DATA TO EXAMINE

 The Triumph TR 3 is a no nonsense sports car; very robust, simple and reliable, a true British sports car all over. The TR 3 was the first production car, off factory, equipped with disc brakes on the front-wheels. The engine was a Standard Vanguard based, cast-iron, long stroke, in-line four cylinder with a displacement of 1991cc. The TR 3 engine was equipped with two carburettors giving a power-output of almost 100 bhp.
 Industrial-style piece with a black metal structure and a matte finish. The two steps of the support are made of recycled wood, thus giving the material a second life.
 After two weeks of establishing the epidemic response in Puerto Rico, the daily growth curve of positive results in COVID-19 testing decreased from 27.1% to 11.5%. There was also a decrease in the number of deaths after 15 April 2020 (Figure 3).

--

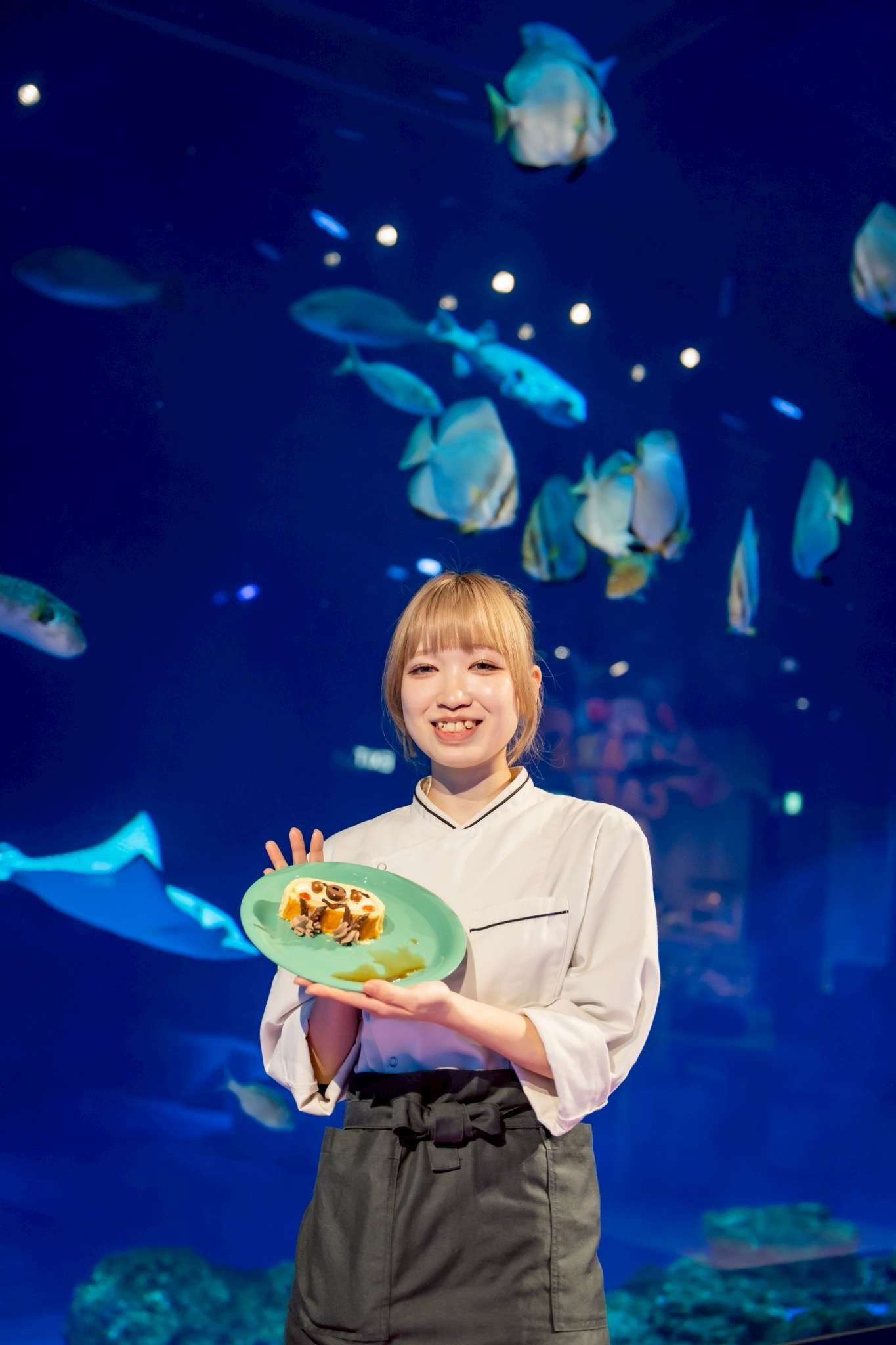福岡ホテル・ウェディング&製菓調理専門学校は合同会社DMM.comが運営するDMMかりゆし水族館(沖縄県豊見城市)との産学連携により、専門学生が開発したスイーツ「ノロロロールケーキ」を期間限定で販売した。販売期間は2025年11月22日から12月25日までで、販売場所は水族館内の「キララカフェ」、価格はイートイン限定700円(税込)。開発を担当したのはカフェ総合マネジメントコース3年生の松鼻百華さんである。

---

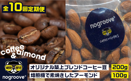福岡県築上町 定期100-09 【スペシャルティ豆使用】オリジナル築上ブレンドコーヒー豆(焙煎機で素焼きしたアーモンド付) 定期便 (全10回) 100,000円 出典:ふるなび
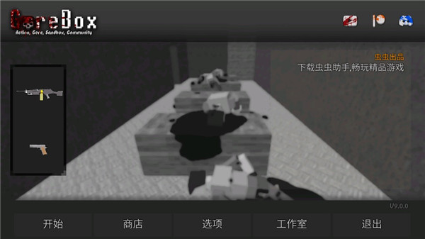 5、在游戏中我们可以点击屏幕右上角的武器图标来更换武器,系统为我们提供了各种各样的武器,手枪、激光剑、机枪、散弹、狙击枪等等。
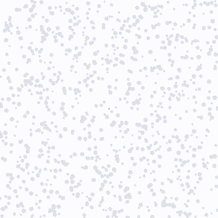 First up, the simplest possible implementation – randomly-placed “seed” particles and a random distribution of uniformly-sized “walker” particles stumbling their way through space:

EXERCISE REQUIREMENTS
Nothing but the lines above from the one that has "福岡県築上町 定期100-09 【スペシャルティ豆使用】オリジナル築上ブレンドコーヒー豆(焙煎機で素焼きしたアーモンド付)" down to the one that has "First up, the" belongs in the answer, copied exactly, without pictures.

THE COMPLETED TASK
福岡県築上町 定期100-09 【スペシャルティ豆使用】オリジナル築上ブレンドコーヒー豆(焙煎機で素焼きしたアーモンド付) 定期便 (全10回) 100,000円 出典:ふるなび
 5、在游戏中我们可以点击屏幕右上角的武器图标来更换武器,系统为我们提供了各种各样的武器,手枪、激光剑、机枪、散弹、狙击枪等等。
 First up, the simplest possible implementation – randomly-placed “seed” particles and a random distribution of uniformly-sized “walker” particles stumbling their way through space:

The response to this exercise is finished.